*** Given entries ***

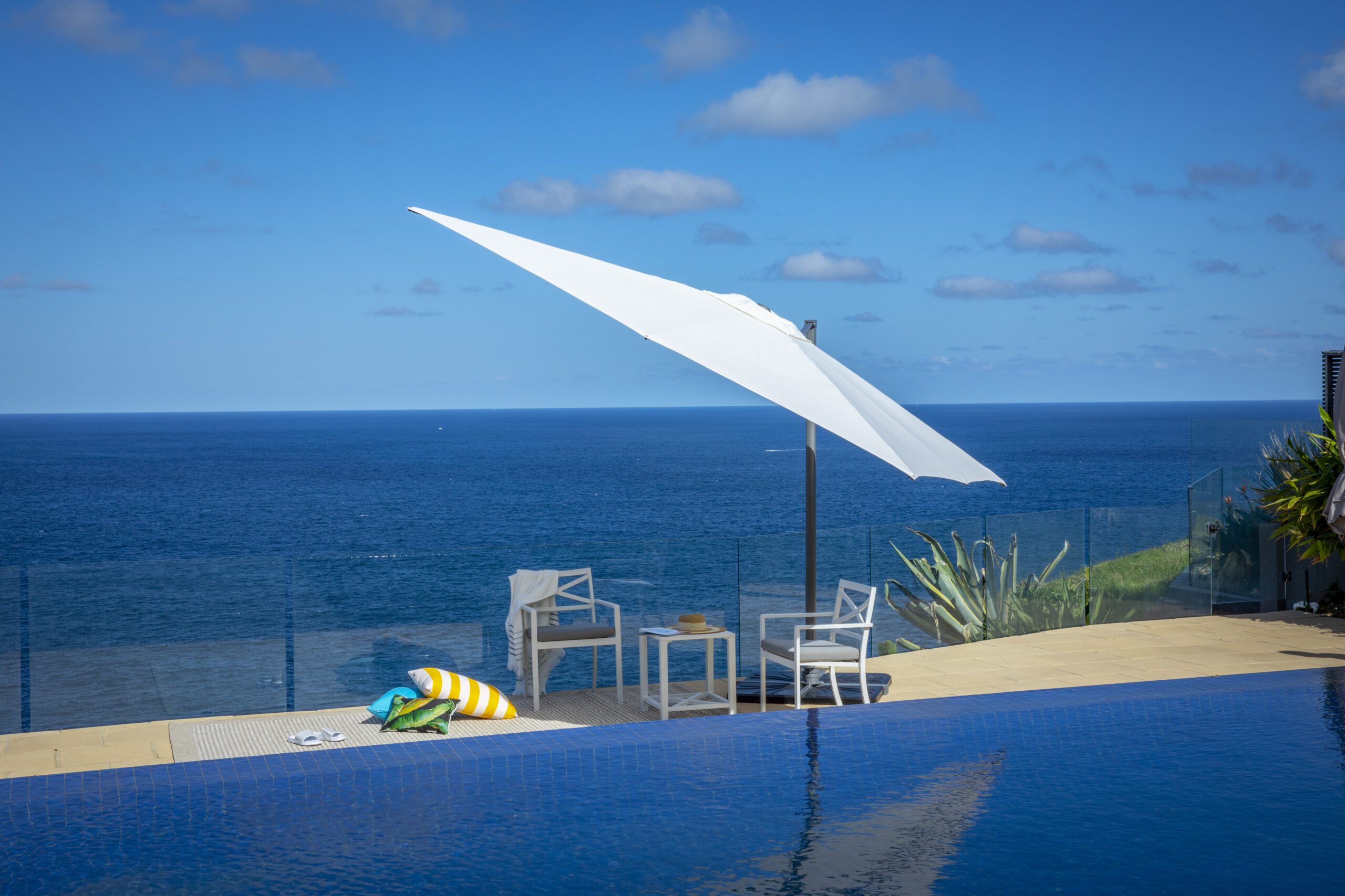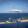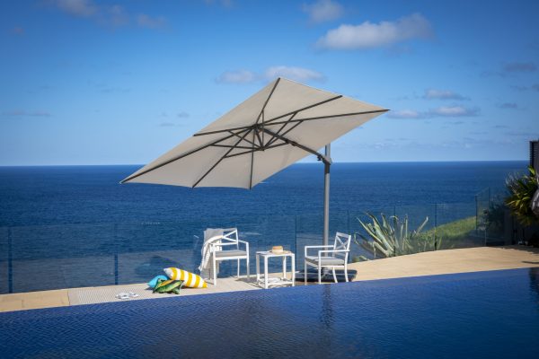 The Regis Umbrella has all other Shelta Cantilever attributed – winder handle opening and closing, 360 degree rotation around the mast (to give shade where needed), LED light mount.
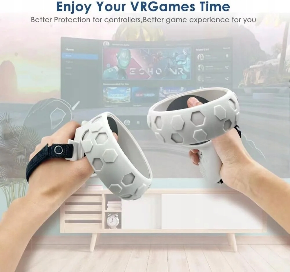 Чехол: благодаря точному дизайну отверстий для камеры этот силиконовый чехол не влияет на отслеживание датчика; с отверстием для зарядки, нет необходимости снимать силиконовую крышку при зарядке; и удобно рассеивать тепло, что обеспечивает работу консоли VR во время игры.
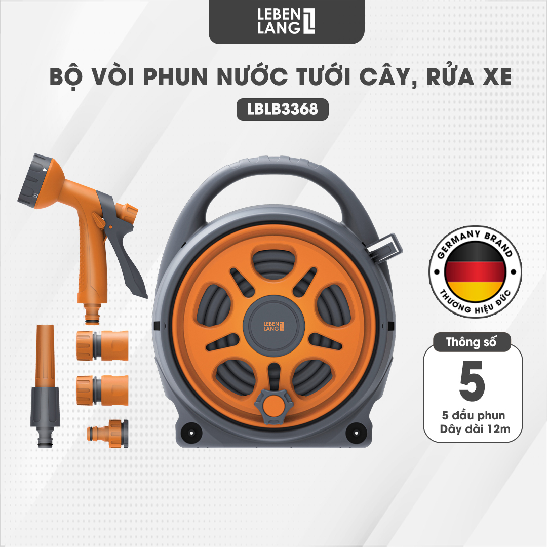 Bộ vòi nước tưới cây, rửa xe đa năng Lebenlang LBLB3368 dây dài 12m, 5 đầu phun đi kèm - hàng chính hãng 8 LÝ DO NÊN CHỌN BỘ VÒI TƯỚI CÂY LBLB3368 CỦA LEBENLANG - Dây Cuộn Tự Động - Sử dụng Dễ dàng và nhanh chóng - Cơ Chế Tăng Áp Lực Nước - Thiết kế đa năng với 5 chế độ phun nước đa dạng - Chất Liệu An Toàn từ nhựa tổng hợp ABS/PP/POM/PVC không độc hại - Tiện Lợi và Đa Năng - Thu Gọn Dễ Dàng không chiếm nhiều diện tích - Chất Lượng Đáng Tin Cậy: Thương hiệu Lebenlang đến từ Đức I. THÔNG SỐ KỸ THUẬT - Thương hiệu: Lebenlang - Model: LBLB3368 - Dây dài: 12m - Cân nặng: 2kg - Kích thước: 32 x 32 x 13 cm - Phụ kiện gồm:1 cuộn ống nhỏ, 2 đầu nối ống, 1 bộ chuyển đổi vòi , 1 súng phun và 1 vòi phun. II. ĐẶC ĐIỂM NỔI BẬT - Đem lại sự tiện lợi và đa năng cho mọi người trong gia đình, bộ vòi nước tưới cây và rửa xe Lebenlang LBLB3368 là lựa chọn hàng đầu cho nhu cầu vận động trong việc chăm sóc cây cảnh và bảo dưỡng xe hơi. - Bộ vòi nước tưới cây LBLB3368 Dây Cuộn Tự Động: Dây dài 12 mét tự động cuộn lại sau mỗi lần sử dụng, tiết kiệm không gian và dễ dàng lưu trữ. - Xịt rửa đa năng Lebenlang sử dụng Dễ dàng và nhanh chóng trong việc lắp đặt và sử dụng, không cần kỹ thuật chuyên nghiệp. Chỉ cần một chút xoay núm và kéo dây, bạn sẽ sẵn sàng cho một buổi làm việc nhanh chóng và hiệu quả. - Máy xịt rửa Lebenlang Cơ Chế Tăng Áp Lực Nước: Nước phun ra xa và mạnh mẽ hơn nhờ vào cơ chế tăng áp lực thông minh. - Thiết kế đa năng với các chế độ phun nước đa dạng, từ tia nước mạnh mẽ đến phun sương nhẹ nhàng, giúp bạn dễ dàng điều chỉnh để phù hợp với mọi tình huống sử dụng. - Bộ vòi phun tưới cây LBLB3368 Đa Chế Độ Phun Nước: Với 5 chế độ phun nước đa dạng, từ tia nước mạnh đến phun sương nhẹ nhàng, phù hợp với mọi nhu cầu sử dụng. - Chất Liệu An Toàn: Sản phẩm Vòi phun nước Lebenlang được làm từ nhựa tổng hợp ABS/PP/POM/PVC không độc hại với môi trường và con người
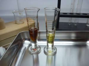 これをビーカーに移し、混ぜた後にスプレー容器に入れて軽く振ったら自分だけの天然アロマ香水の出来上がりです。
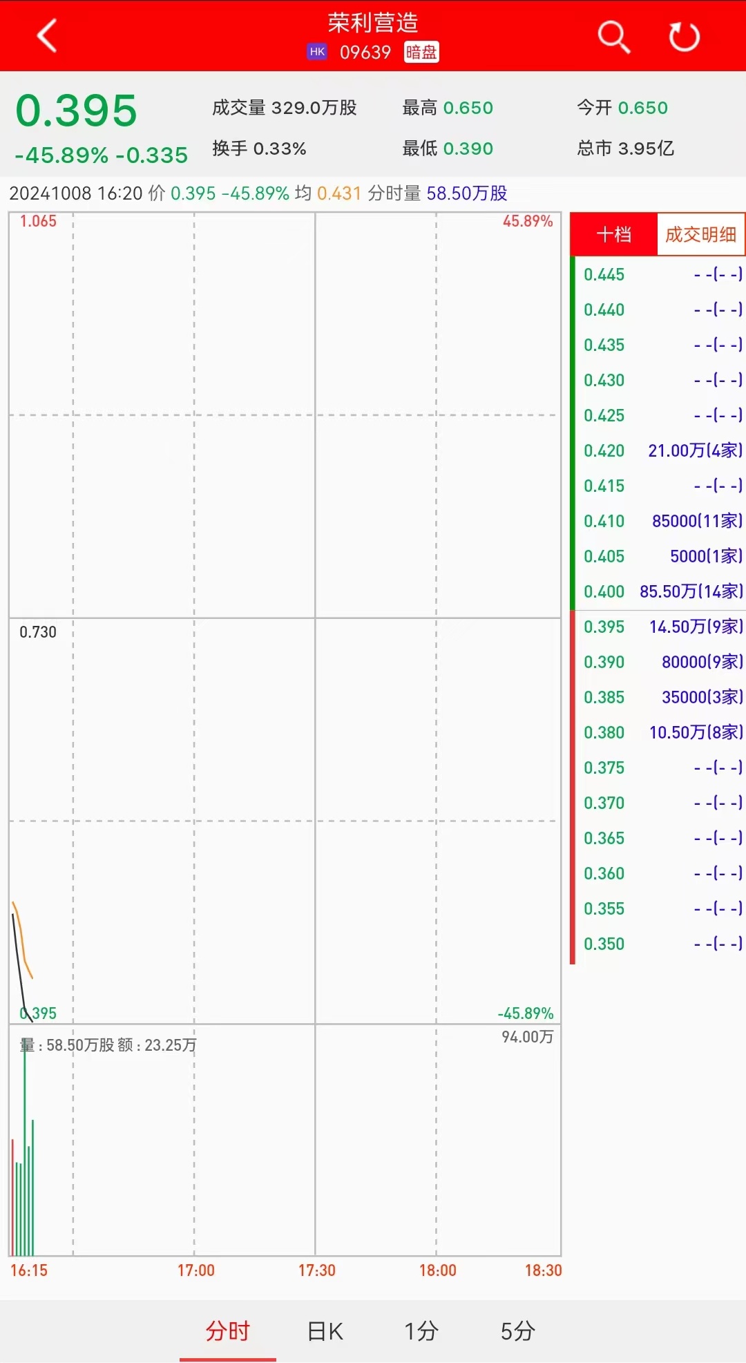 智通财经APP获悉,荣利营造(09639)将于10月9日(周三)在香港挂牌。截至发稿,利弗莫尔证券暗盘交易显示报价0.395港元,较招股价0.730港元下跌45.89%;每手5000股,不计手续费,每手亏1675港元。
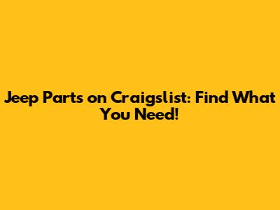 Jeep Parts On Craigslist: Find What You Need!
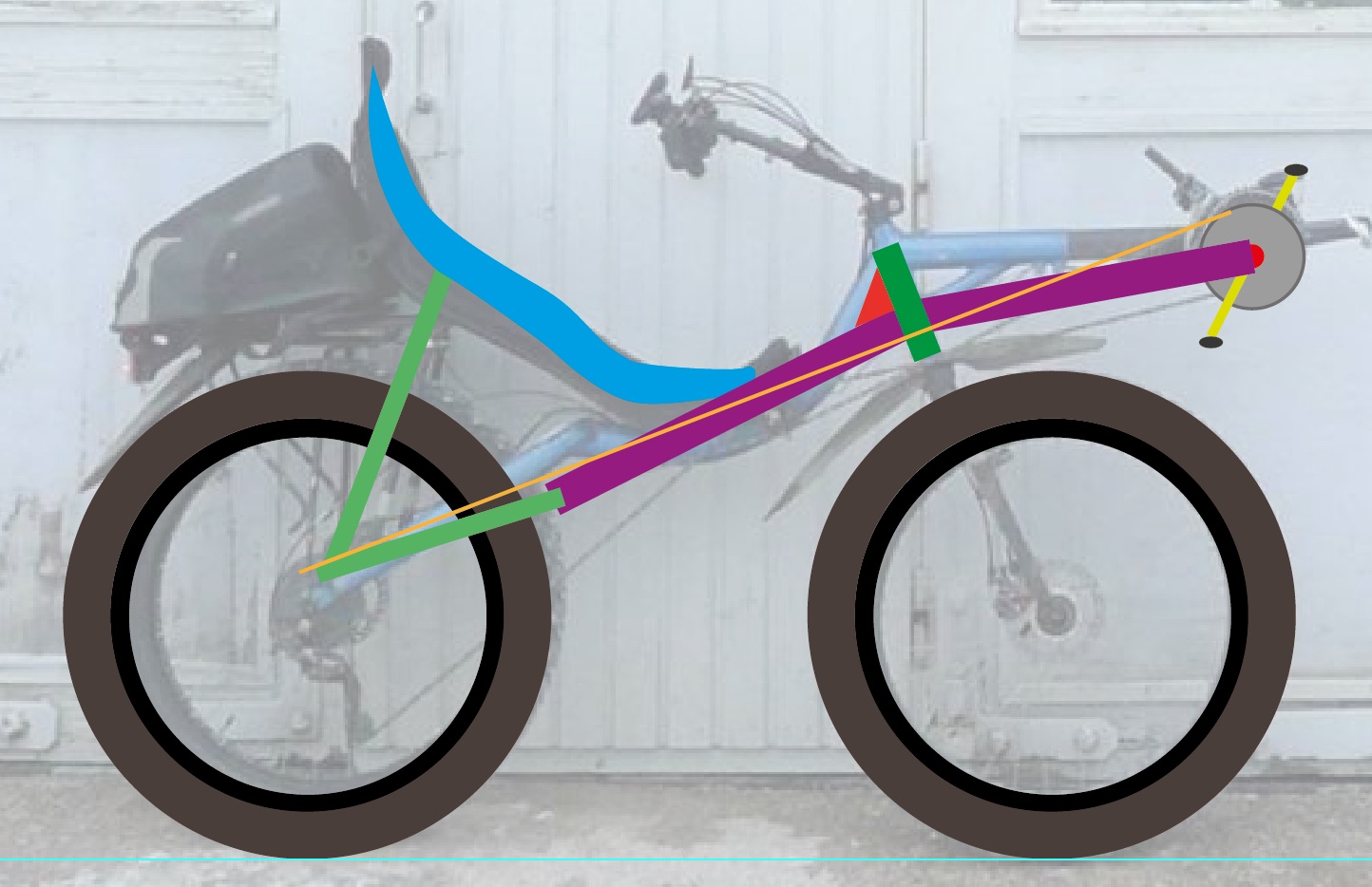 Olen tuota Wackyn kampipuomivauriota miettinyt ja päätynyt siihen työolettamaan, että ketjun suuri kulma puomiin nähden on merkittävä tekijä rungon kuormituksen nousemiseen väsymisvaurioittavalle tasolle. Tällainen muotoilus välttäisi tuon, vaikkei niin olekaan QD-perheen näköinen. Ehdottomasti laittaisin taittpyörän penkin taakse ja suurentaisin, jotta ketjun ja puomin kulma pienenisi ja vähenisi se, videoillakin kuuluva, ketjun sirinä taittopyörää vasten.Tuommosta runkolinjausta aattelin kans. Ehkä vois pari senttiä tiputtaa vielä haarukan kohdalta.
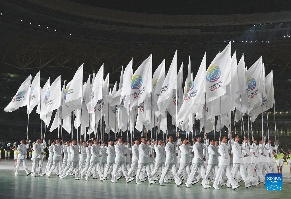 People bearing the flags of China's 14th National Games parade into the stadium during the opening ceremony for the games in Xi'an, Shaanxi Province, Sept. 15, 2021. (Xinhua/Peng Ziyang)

***

Problem to work on |
Every line from the one containing "Jeep Parts On" through the last line of the records is to be reproduced exactly, with pictures left out and nothing else given.

Result of the task |
 Jeep Parts On Craigslist: Find What You Need!
 Olen tuota Wackyn kampipuomivauriota miettinyt ja päätynyt siihen työolettamaan, että ketjun suuri kulma puomiin nähden on merkittävä tekijä rungon kuormituksen nousemiseen väsymisvaurioittavalle tasolle. Tällainen muotoilus välttäisi tuon, vaikkei niin olekaan QD-perheen näköinen. Ehdottomasti laittaisin taittpyörän penkin taakse ja suurentaisin, jotta ketjun ja puomin kulma pienenisi ja vähenisi se, videoillakin kuuluva, ketjun sirinä taittopyörää vasten.Tuommosta runkolinjausta aattelin kans. Ehkä vois pari senttiä tiputtaa vielä haarukan kohdalta.
 People bearing the flags of China's 14th National Games parade into the stadium during the opening ceremony for the games in Xi'an, Shaanxi Province, Sept. 15, 2021. (Xinhua/Peng Ziyang)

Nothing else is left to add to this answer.